Unfortunately, the trade-off between increased responsivity of cameras based around such devices is fewer signal electrons, which results in a higher photon shot noise relative to the camera’s output. “If these trends continue,” says Butler, “the camera’s read and photon shot noise will exceed the digital detection threshold of machine-vision applications.” Therefore, many companies are abandoning traditional linescan technology for cameras based on time-delay-integration (TDI) architectures.

While TDI-based cameras can increase the responsivity of the signal output from the camera, in many cases they are more difficult to set up and maintain than cameras based around single linescan devices. With this in mind, DALSA and Basler (Ahrensburg, Germany; www.baslerweb.com) have developed cameras around what both companies are calling dual-linescan architecture.

“To break the shot-noise-vs.-responsivity and read-noise-vs.-responsivity barrier common in single linescan architectures,” says Butler, dual linescan architectures contain two arrays of pixels (see figure on p. 10). In the design patented by DALSA, each array is connected to a selectable delay that either allows charge through or delays the charges by one scan line. The signal from these two arrays-one of which is delayed-are combined into a single output, effectively doubling the responsivity of the device.


In conventional single linescan camera designs, as responsivity increases, so does photon shot noise and random noise floor (top). To increase sensitivity over single-line counterparts, dual-linescan architectures use an array of two linear photosites whose charge is summed on-chip (bottom).
Click here to enlarge image

“Not only does this double the responsivity in light-starved applications,” says Butler, “it also results in a twofold increase in the dynamic range of the device.” Better still, shot noise is decreased by a factor of the square root of two. DALSA’s dual linescan imager uses the company’s own CCD design in its 1k- and 2k-based Spyder3 GigE cameras, and Basler’s Sprint family is based on recently developed 2k and 4k CMOS imagers.

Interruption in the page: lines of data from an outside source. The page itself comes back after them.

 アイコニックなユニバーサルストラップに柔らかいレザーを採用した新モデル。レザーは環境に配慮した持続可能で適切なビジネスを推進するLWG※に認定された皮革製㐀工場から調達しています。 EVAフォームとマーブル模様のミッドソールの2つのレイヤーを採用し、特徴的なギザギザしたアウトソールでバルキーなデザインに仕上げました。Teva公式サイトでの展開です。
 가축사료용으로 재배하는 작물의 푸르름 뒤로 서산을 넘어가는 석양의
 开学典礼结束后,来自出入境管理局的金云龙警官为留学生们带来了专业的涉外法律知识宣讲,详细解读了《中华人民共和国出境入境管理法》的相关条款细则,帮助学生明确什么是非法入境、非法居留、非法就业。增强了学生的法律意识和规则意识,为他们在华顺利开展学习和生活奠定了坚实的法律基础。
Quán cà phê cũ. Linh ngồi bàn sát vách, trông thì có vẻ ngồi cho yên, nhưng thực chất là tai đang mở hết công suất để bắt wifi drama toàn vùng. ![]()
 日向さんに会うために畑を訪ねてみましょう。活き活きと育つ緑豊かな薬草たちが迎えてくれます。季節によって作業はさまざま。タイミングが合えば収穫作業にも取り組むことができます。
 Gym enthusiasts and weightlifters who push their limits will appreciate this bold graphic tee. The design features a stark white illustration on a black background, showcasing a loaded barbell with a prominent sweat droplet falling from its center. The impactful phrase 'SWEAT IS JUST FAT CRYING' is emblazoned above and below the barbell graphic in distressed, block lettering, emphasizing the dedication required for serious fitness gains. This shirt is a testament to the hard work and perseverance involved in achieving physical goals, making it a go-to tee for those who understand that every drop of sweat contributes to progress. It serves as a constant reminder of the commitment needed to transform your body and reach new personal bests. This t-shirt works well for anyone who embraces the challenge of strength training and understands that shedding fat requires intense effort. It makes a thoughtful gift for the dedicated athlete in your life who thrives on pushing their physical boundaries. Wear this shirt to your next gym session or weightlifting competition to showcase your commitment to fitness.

“The increasing demand for speed and throughput means that finding ways to improve responsivity is becoming more important,” says Lars Hansen, a product manager for the Vision Components division of Basler. “Basler now has exclusive rights to a next-generation linescan sensor that combines speed and sensitivity.” One novel feature of the imager is that the sensor’s maximum allowed line rate increases linearly as the area of interest is decreased, an advantage not possible with CCD sensors.

While DALSA’s offering runs at a 36-kHz line rate at 2k resolution, the CMOS-based Sprint series runs at 140 kHz with 4k resolution, nearly four times faster at double resolution. At VISION 2006 in Stuttgart, Germany, both companies demonstrated the effects of using dual linescan devices in these cameras.

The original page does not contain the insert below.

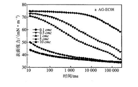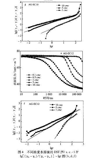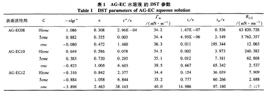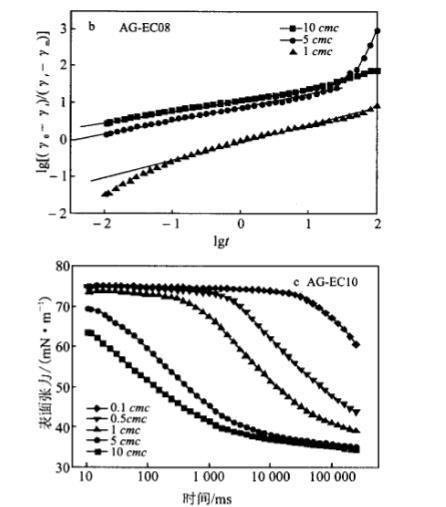 在25cc下测定不同浓度AG.EC水溶液的DST,并利用Rosen模型处理,得到其动态表面张力参数,见图4、表1。

The Stuttgart show was the first time that the Basler Sprint series camera was presented in a live demonstration running at a line rate of 70 kHz with 4k resolution. Hansen expects series production of the Sprint to start in the second quarter of this year.

“While such dual-linescan devices are useful in increasing the sensitivity of linescan cameras, they do have certain shortcomings,” says Butler. By using dual linescan sensors, dark current is increased by a factor of two. “But in many applications,” says Butler, “this is not important since the faster the device is clocked, the lower the dark current level.”

Both DALSA and Basler currently offer monochrome versions of their cameras; however, the concept of dual linescan architectures could be extended to color using two striped RGB devices. This has not been overlooked by Butler and his colleagues at DALSA. “While many of our customers require more accurate cameras based around trilinear devices,” says Butler, “striped RGB imagers can nonetheless provide a viable solution for many less-demanding applications.”

Hansen points out that color variants of the Sprint series will use a Bayer pattern. Since a standard image-data output protocol will be used, most existing frame grabbers will be compatible, and, because there is no gap between the two lines in the Sprint sensor, the spatial correction necessary with cameras based on a trilinear sensors do not need to be performed.